リアルな美大の日常を
Search
介護等体験1.5日目
最初に感想を述べてしまうなら、「わりとうまくいった」。今までに比べて、格段に作業も進んだし、私もあの施設にちょっとなじめた気がする。
そのきっかけを、入所者さんにいただいた。
施設内のひと部屋で、壁を装飾するためのいろいろを作っている途中のこと。入所者さんたちがお食事をしたりテレビを見たりするホールの棚にしまってある、色鉛筆を持ってくるのを忘れたことに気づいた、私と班員。
部屋を出て、色鉛筆を取って、さあ部屋に戻って制作を続けよう、と歩いていた時、ある入所者さんから話しかけられました。きっかけは忘れてしまったのですが、何をやっているの?美大の子たち?というようなお話だったように思います。
なんとなく立ち話をする格好になり、30分以上話しこんでしまいました。
その方は私の住んでいるところの近くに以前住んでいらしたようで、なつかしそうに「あそこのデパートはどうなってる?」「あの駅はどうなってるの?」と質問ぜめ。
私の毎日利用する駅、今度バーゲンに行くデパート、この間用事ついでにのぞいたお店が、彼女にはどうやったって手の届かないところにあるのだと思うと、苦しい気持ちになりました。
ご自分のお嬢さんや、お孫さんのお話も聞かせていただいて、そうか、これが、これまでここに実習に来た人たちの感じていた気持ちなのか、と思いました。
施設でのオリエンテーションに行ったとき、介護長さんのお話の中に、「尊厳を大切にしてください」というフレーズが、何回も何回も出てきました。
私は、オリエンテーションのレポートの感想に、「尊厳とは何なのか。それを考えながら実習をやっていきたい」と書き、担当の先生も、「これは考え続けなければならないこと」とおっしゃいました。
今日初めて、長い時間、入所者さんとお話しして、「尊厳を大切にする具体的な行動の答え」はないのだなと思いました。少しまわりくどい言い方になってしまいますが。
例えば、こうすれば入所者さんを尊重していることになる、という正解はなくて(不正解は必ずあるのだろうけれど)、ひとつひとつのことを細やかにやっていくこと、それに尽きるのではないかと。
私は、私自身の存在が、入所者さんに不安感を抱かせているのではないかと思っていました。
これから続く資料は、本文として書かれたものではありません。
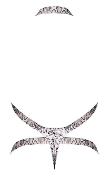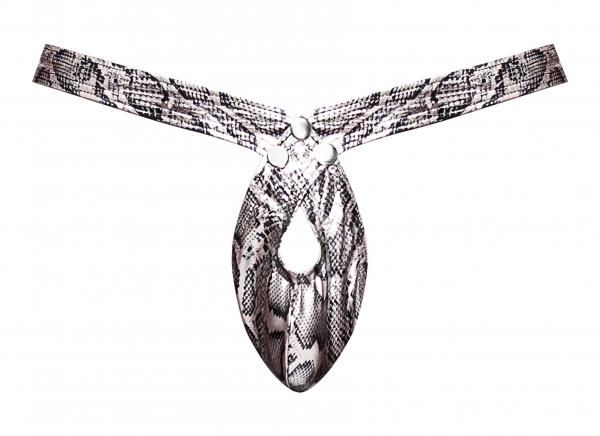 S’naked Criss Cross Thong Silver, Black L/XL from Male Power Lingerie. From the S’naked collection by Male Power, the Shoulder Sling Harness Thong features a behind the neck strap and Sling, attached to a Pouch Thong. Poly/Spandex metallic coated all way stretch printed fabric.

入れ替わり立ち替わり、様々な大学の実習生が施設に現れて、深く知ることなくまたどこかへ去ってしまう。そういった不安定さを、施設内に持ち込んでいるのだとしたら、そんなに申し訳ないことはないな、と思っていたのです。
けれど実際に施設に行ってみれば、多くの人が私たちに関心を示してくださいます。何をやるかもだいたい知っていらっしゃるので、今度は何を飾りつけてくれるの?と聞いてきてくださいます。
そして今日のように、ちょっとした自分史を聞かせてくださる方もいらっしゃいます。それは、私たちだからきっと、ふとしたきっかけで話してくださるのではないかと思います。
確かに、ひとつひとつのことを細やかにやっていくこと、それは大事なことです。けれど施設を客観的に見ていたこれまでの間、決して施設は「細やか」でいられる状態ではありませんでした。ニュースで見ていた「介護士の不足」、これは決して、ニュースの中だけの問題ではなかったのだと見せつけられました。
だからこそ、私たちが勉強に行くことは、重要なのではないかと思いました。縮こまっていないで、私たちが少しでも「細やか」の部分を担うこと(もちろんすべての「細やか」をやり遂げることはできませんが)。それができればいいなあ、そうしよう。と思いました。
今日、お話しした方に、「学校を出たらどうするの?」と聞かれて、「私は先生になります」と言いました。そうしたらその方は、「安定がいちばんよ」とおっしゃいました。「家から近い学校に勤めて、おうちでごはんを食べること。いただいたお金は全部貯金すること」。
「でも」、とその方は続けました。「あなたは中学校の先生に向いてそう。友だちみたいな先生になれるわね。今はそういう先生の方がきっといいのよ」。
ちなみに彼女は私の、染めていない髪やお化粧をしていない顔が、いたくお気に入りのようでした。笑
「先生は地味なのがいちばん」とも。
そういえば、初めて年上の人に、私の(今の時点での、ほぼ確定的な)夢を話したのかもしれない。
ではまた明日。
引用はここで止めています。